> [Problem to work on]
What you need to produce from the material below is an exact transcription of the lines from the one with "3-CORNER STAND DESIGN" through the one with "Практичная металлическая полка", both included, and no other line.

> [Records shown]
- - -

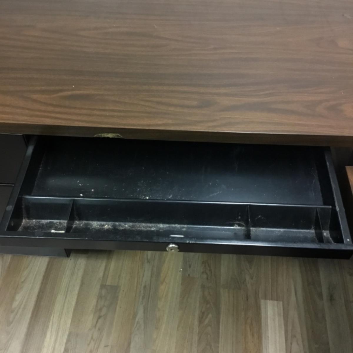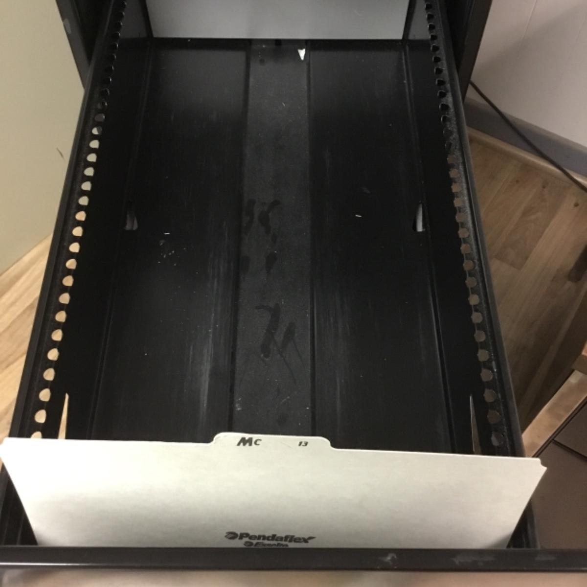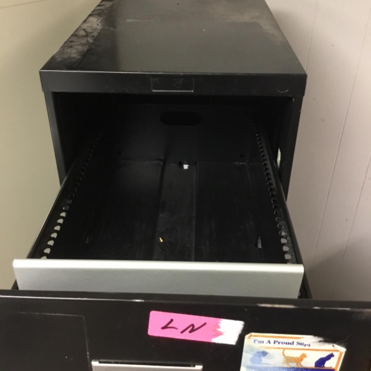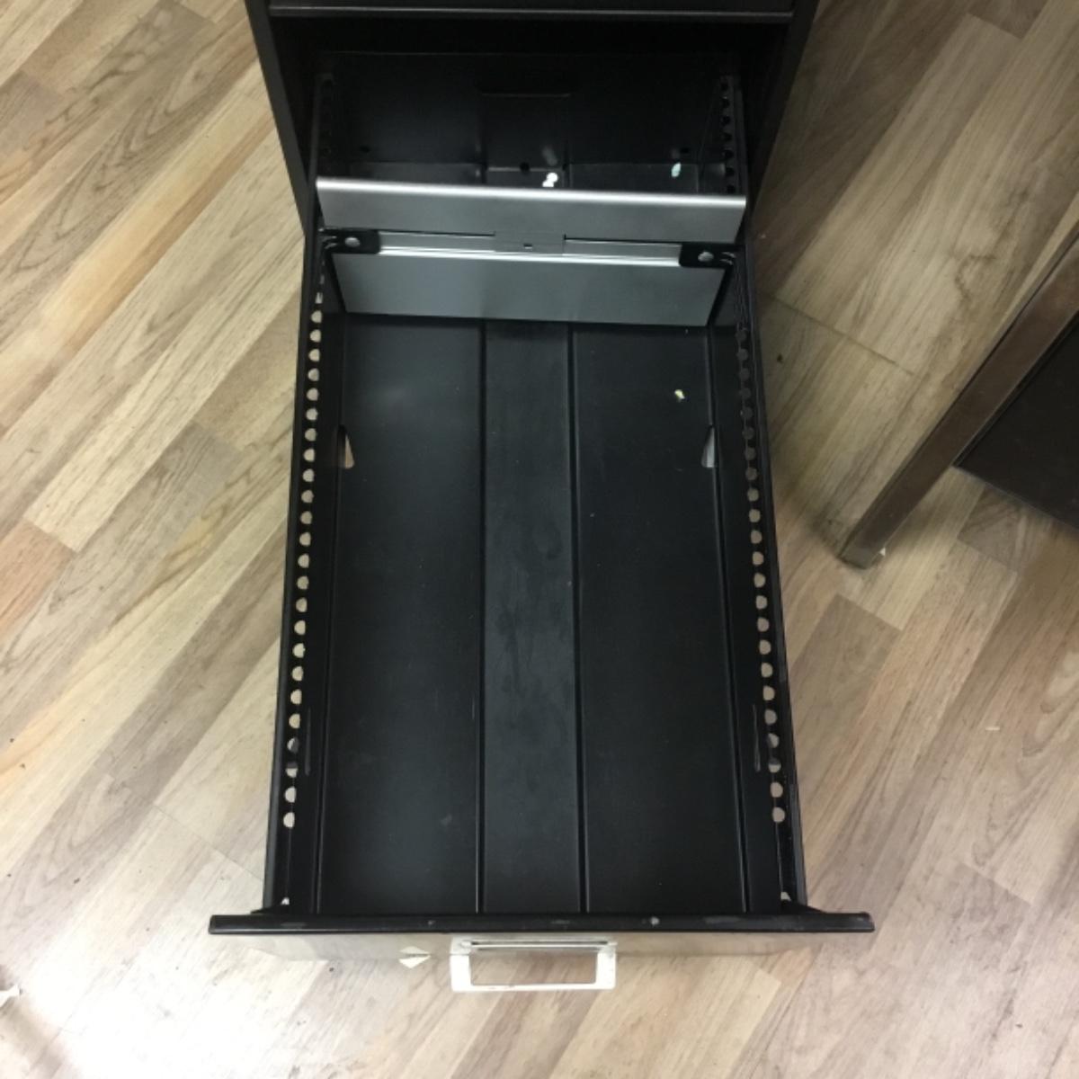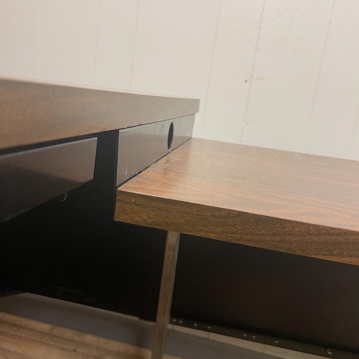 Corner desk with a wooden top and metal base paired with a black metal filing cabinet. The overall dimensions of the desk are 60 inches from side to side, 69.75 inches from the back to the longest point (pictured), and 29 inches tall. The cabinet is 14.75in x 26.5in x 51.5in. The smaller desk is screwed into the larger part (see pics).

- - -

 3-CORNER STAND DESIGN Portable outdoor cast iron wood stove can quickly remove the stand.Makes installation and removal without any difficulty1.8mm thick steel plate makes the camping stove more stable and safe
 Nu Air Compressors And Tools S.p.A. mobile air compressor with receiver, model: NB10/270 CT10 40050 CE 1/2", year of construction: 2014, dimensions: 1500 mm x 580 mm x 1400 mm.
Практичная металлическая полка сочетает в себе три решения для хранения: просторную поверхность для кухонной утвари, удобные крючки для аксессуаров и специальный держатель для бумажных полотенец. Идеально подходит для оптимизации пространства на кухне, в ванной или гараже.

- - -

> [Output for this task]
 3-CORNER STAND DESIGN Portable outdoor cast iron wood stove can quickly remove the stand.Makes installation and removal without any difficulty1.8mm thick steel plate makes the camping stove more stable and safe
 Nu Air Compressors And Tools S.p.A. mobile air compressor with receiver, model: NB10/270 CT10 40050 CE 1/2", year of construction: 2014, dimensions: 1500 mm x 580 mm x 1400 mm.
Практичная металлическая полка сочетает в себе три решения для хранения: просторную поверхность для кухонной утвари, удобные крючки для аксессуаров и специальный держатель для бумажных полотенец. Идеально подходит для оптимизации пространства на кухне, в ванной или гараже.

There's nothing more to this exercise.